Wheels of bus actually shoes

Jefferson Montessori parents take turns supervising walks to school. Right-left: Robin Roose, Jadyn Malon, Risa Lockwood, Syringa Barenti, Tully Warren and Ellary Lockwood.
Jefferson Montessori parents take turns supervising walks to school. Right-left: Robin Roose, Jadyn Malon, Risa Lockwood, Syringa Barenti, Tully Warren and Ellary Lockwood.

Our school bus enjoyed the first day of snow. All decked out in snow gear, excitement reigned as kids celebrated the first snow by throwing, eating, kicking and tromping through the previous night’s snowfall.

We are a walking school bus, so our “ride” to school involves fresh air, exercise, and a small community of Jefferson Montessori families. The first two kids on the bus leave their houses, directly across the street from each other, walk down the block to the first “stop” under the watchful eye of a parent. Another child is driven to this first stop. There, they are supervised crossing the street and walk to the next bus stop, picking up the kids at the last stop. They continue on with a parent to navigate across the busy streets and see them safely to school or close enough to join in with other walkers. In the afternoon, the process is reversed.

A recent study showed that when compared with children who took a car ride to school, kids who walked a mile to school had improved heart rates, blood pressure and stress levels and performed better on a test, indicating that their stress reactivity was improved by walking. We have five families, at this time, on our walking school bus who see many benefits beyond the fresh air and exercise. The kids were proud of starting the walking school bus to help the environment, have fewer cars on the road and spend more time with friends. They also get to practice problem-solving skills, like, “How do we get that backpack out of that tree?”

Parents see many benefits for the whole family, including less time spent driving and parking at school, helping to give our kids transition time between the two major places they spend their days, and simpler schedules for those families with multiple drop-offs and pick-ups. The walking school bus allows a larger measure of safety as the kids walk in a big group with parental oversight. For my family, it’s a practical way of having our kids walk to school that wouldn’t happen if it were just up to our family. As a group, it works!

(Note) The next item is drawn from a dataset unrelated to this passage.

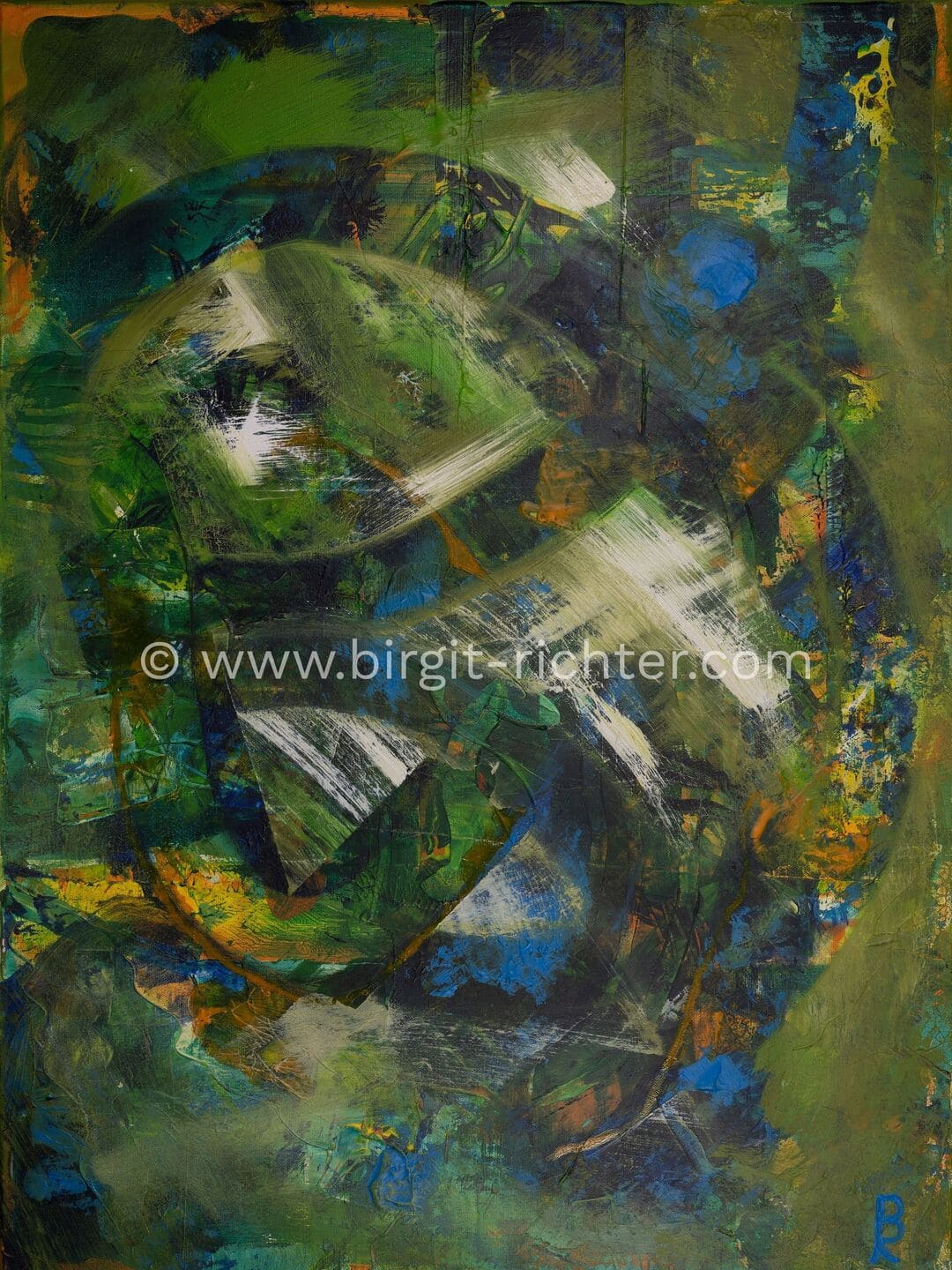 Je weiter das Bild wuchs, desto heller wurde es. Mehr Grün, grün, grün… mehr Bewegung, mehr Leben. Ich malte keine Geschichte des Verlustes mehr, ich malte meine Entscheidung, das Leben leichter zu nehmen. Und nun auch innerlich weiterzugehen. Freude entsteht aus dem Moment und im Moment fehlt mir nichts.

Because we are made up of Montessori families, we are just a bit beyond school boundaries but still close enough to walk. We do have to navigate across some busy streets without lights or crosswalks. We made a set of rules and a specific route, and we reviewed it as a group to ensure safety.

The winter weather has proved challenging much of the time, but we have enjoyed some snowy trudges together. Plan B often involves carpooling. One memorable car ride home included a packed car of serenading children, practicing their songs for the winter music program.

Our route continues to provide new wonders as seasons change. We have enjoyed huge mountains of leaves piled up by the Parks Department, the beauty of individual fall leaves, crunching the thin film of ice over shallow puddles after the first frost. We even moved a huge fallen tree limb together to clear the road.

We are just starting to walk with consistency again with warmer weather and no snow covering our route, and hope to maintain bus service throughout the school year!